Will String theory help solve the biggest inconsistency in western science
#278 2026

Will String theory help solve the biggest inconsistency in western science

IIT Alumni

IIT Alumni meets are the ultimate superfood for a techies brain diet. This meet was also about a possible Nobel laureate I had not heard of. And string theory.

The six hour meets are pure adrenaline for the thinking brain. The last meet in Kanpur started with cold fusion and ended with ai for spatial awareness. I am still trying to digest what I learned. But in summary cold fusion can convert one element into another. Like iron into gold. And spatial awareness is how birds take off without colliding. These are not quacks but serious men (and women) of western science.

The meet in Delhi on Sunday was no less. I entered to see a paper Aadhar card capable of face recognition without any network link. Went on to see offline upi transfer using a feature phone. And then met the entrepreneur making an indian equivalent of zoom and WhatsApp.

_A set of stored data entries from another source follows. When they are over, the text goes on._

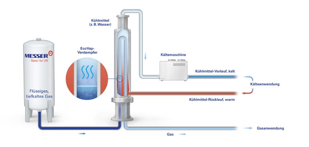 If gas is required in the production process, it does not pass via the conventional air evaporator which delivers the cold to the ambient air, instead it goes through the Ecovap evaporator. The energy required to evaporate the liquefied gas is removed from the coolant, thereby cooling down, thus relieving the refrigeration system. Ice and mist formation on the air vaporizers are not happening anymore and the temperature of the required gas is always constant regardless of the ambient conditions.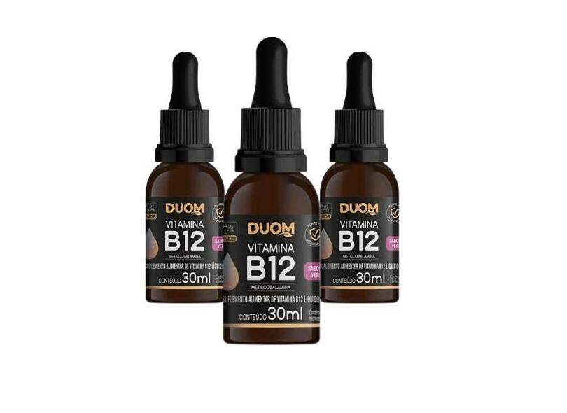 O menor preço encontrado no Brasil para Kit C/3 Vitamina B12 Gotas 30Ml Frutas Vermelhas - Duom atualmente é R$ 81,21.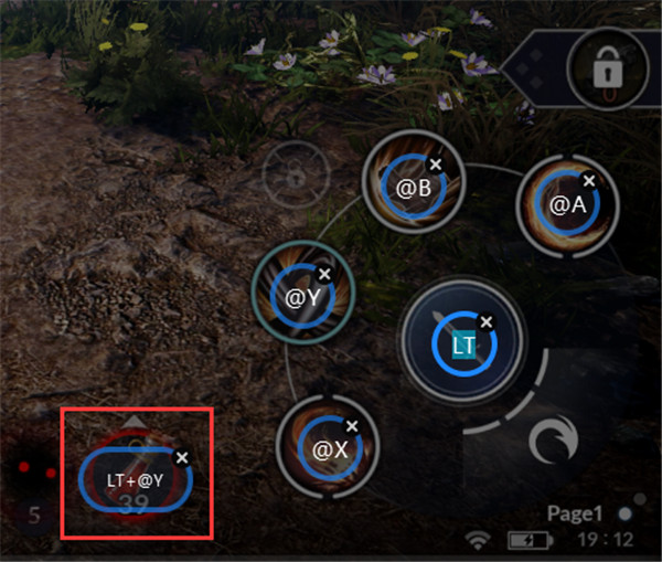 10、组合键范例:在游戏画面需要设定手把按键操作地方;使用滑鼠点选位置,然后在手把上同时按下两个需要被组合起来的键位,例如:在药水位置上设定LT+Y键,手把上同时按下LT+Y键就会执行喝药水动作。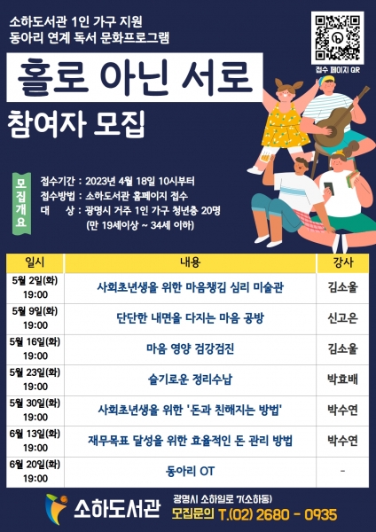 [금요저널] 광명시 소하도서관은 오는 5월부터 8월까지 광명시 거주 1인 가구를 대상으로 하는 1인 가구 지원 프로그램 ‘홀로 아닌 서로’를 운영한다.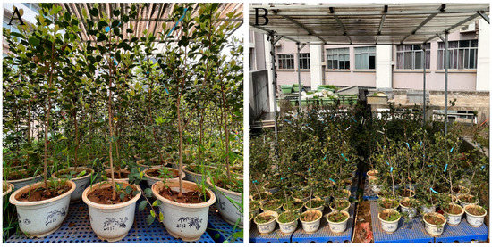 Experimental site conditions. (A) the 4-year-old C. oleifera potted dwarf plants were under identical water and fertiliser management conditions on the roof; (B) a canopy was built to prevent external environmental interference, and the potted dwarf plants were placed on a high of 15 cm bracket.f 15 cm.

And then inadvertently got sucked into a discussion on string theory – which could resolve the inconsistency between classical mechanics and quantum theory. It is the number one problem in the world of science to be solved. By leaps and bounds.

Someone casually mentioned a name:

Ashoke Sen.

I had never heard of him. My batchmate Ashanka Sen lives in Italy and plays the sitar which are the only strings I knew of. Both of them look almost identical.

I dug into Ashoke Sen :

• Theoretical physicist. String theory pioneer.
• No elite background. No powerful connections. Just intellectual depth.
• Studied at Presidency College, Kolkata.
• Masters from IIT Kanpur.
• Completed his PhD at Stony Brook University, USA.

He chose to return to India. While many chase better funding and visibility abroad, he worked quietly from Allahabad (now Prayagraj), at the Harish Chandra Institute of theoretical physics funded by the Dept of Atomic Energy.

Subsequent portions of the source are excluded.